Kalapena.id – Genre horor religi tampaknya menjadi genre tersulit bagi sineas tanah air untuk dieksekusi dengan manis. Selain mengandung potensi kontroversi cukup besar, minimnya pemahaman akan nilai-nilai agama tampaknya membuat genre ini diciptakan hanya untuk menakut-nakuti semata, tanpa ada makna yang bisa diserap dibaliknya.
Hal tersebut dapat dilihat dalam film rilisan terakhir berjudul Munkar (2024). Sebenarnya ada semacam harapan bahwa penulis akan menemukan tontonan berkualitas, dari sekian banyak horor religi murahan yang beredar di pasaran.

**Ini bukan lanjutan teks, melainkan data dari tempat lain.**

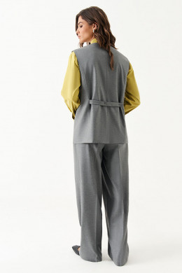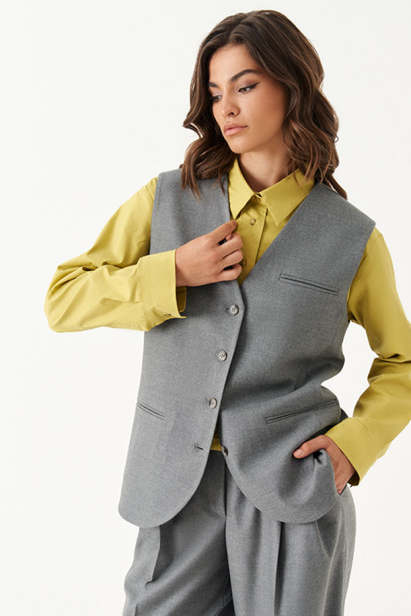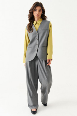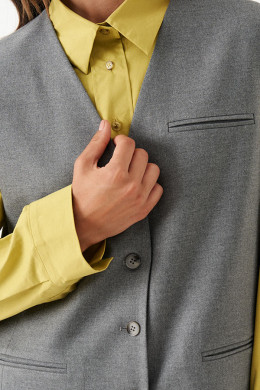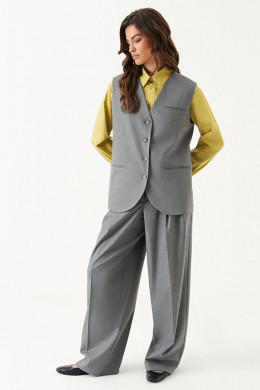 Жилет женский из смесовой ткани для повседневной носки на подкладке. Жилет полуприлегающего силуэта. Жилет с центральной бортовой застежкой на четыре обметанные петли и четыре пуговицы. Перед имеет два вертикальных рельефа, идущих от проймы до низа изделия, а также на переде располагается нагрудный карман " в рамку". По переду имеется прорезные карманы в " рамку". Спинка со средним швом и с двумя рельефами, идущими от проймы до линии низа изделия. Спинка имеет хлястик с застежкой на две обметанные петли и две пуговицы. Горловина V-образная. Данное изделие станет отличным дополнением к любому гардеробу. И обязательно осчастливит его обладательницу своим прекрасным фасоном.
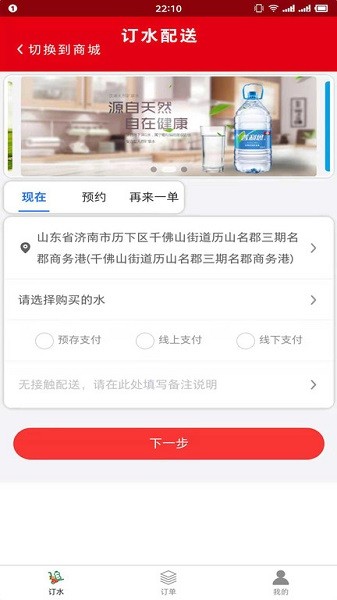 地址管理:可以设置多个收货地址为家人购买饮用水产品。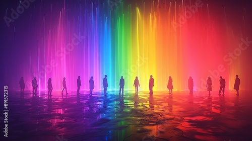 © Saima, Obraz premium Group of people with arms and hands raised towards a painted hearts. Watercolour painting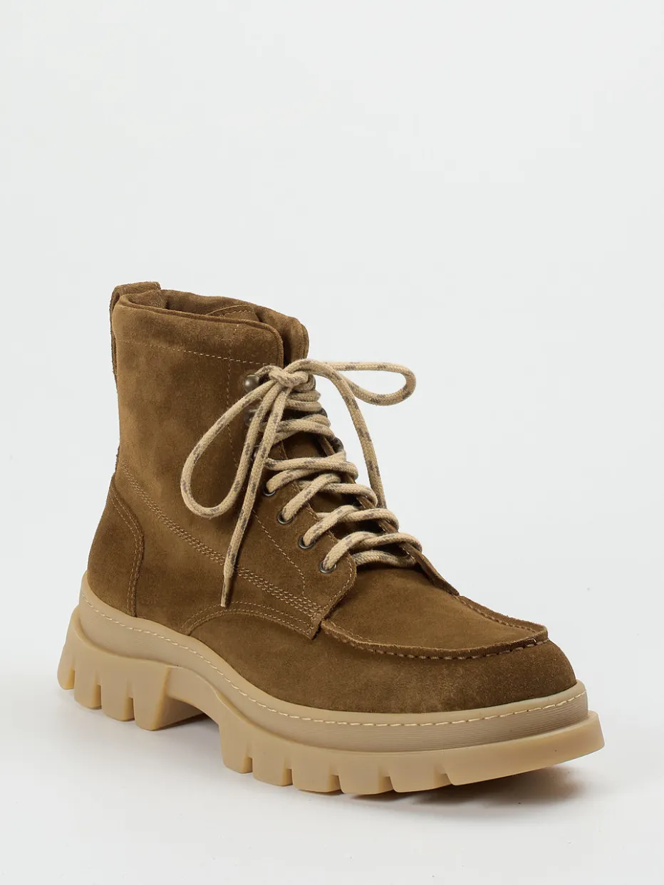 Henderson interpretiert klassische Schnürboots neu und setzt auf hochwertiges Veloursleder in warmem Cognacbraun.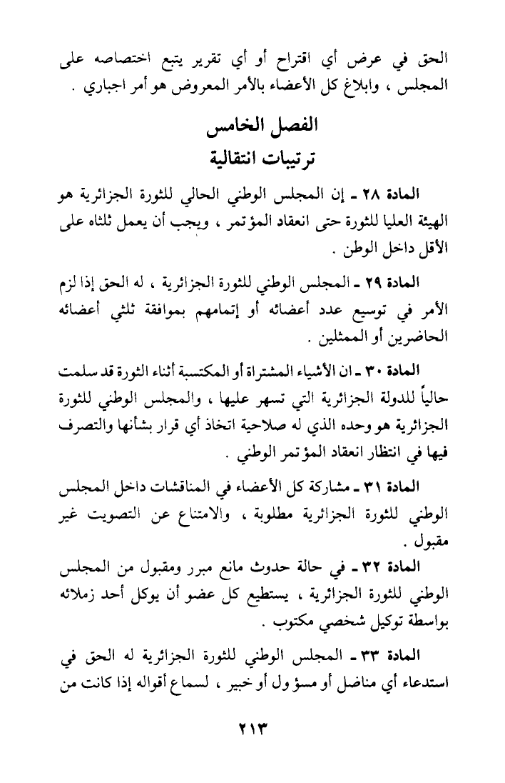 المادة 28 - إن المجلس الوطني الحالي للثورة الجزائرية هو الهيئة العليا للثورة حتى انعقاد المؤتمر، ويجب أن يعمل ثلثاه على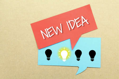a conversation box with the word new idea and a bulb icon

Film ini disutradarai oleh Anggy Umbara, yang sudah lawa wara-wiri di dunia perfilman. Pemeran utamanya yakni Safira Ratu Sofya sebagai Herlina, Adhisty Zara sebagai Ranum, Saskia Chadwick sebagai Ob, Aruma Khadijah sebagai Dilla, dan Kaneishia Yusuf sebagai Siti.
Munkar mengangkat tema kehidupan di Pesantren Ar-Rahimu. Salah satu siswa bernama Herlina yang selalu dimanja orang tuanya ternyata tidak disukai teman-temannya. Hanya satu orang yang peduli padanya yakni Ranum.
Tragedi dimulai ketika Herlina dibully oleh Siti, Dilla dan Obi hingga mengalami kecelakaan fatal. Semenjak itu, kehidupan ketiganya termasuk Ranum diganggu oleh sesosok makhluk yang menyerupai Herlina.
Secara plot cerita, tergolong datar. Formulanya sudah diumum dipakai di hampir 90 persen film bergenre horor buatan tanah air. Lantas meski klise, apakah film ini menawarkan sesuatu yang fresh untuk disajikan.
Jawabannya sama sekali tidak. Kesan religinya juga tidak tampak sama sekali, seolah-olah menjadikan pesantren hanya sebagai panggung kejar-kejaran antara si hantu dan para tokoh-tokohnya. Sedangkan tokoh-tokoh lain sepergi guru dan para santri, hanya seperti pelengkap penderita.
Tema munkar atau dalam dalam ejaan sebenarnya mungkar mungkin bisa dilihat ketika Herlina mengalami pembulian dari teman-temannya. Tapi hanya sebatas itu, karena sepanjang durasi film ini hanya berkisah tentang balas dendam, arena jump scare, make up seram, mati lampu PLN, hantu yang berlari cepat seperti pelari Olimpiade, dialog dan penciptaan situasi yang tidak natural, serta kualitas akting yang tidak mencerminkan situasi yang tengah dihadapi.
Baca juga :
- Review Golden Kamuy (2024), Live Adaption Seru Perburuan Harta Karun
- Review Madame Web (2024), Formula Superhero Basi Villain Underrated
- Along With The Gods:The Last 49 Days, Sekuel yang Ungkap Kisah Sedih Dewa Kematian
Dan satu hal yang mengecewakan, yakni menjadikan gerakan sholat sebagai gerakan terakhir seseorang sebelum mati, hal tersebut sangat sulit diterima. Penulis tidak bisa mengungkapkannya dengan kata-kata saking kecewanya, mungkin pembaca punya diksi-diksi yang lebih pas di benak masing-masing.
Di bagian akhir, film ini coba menampilkan semacam plot twist yang nyatanya tidak koheren dengan keseluruhan cerita, dan lebih anehnya lagi tidak ada petunjuk yang di sepanjang film yang mengarah kesana. Misteri yang ditunggu-tunggu pada akhirnya, hanya mengubah rasa penasaran menjadi rasa keheranan.
Sejatinya masih banyak genre horor yang bisa dieksplorasi, seperti genre psikologis, genre thriller, genre slasher dan masih banyak yang lain. Penulis sejatinya belum bisa memahaminya dimana letak keseruan menjadikan suasana islami sebagai panggung adegan horor. Tampaknya hanya untuk meraup cuan semata. Ah sudahlah!!! (kalapena).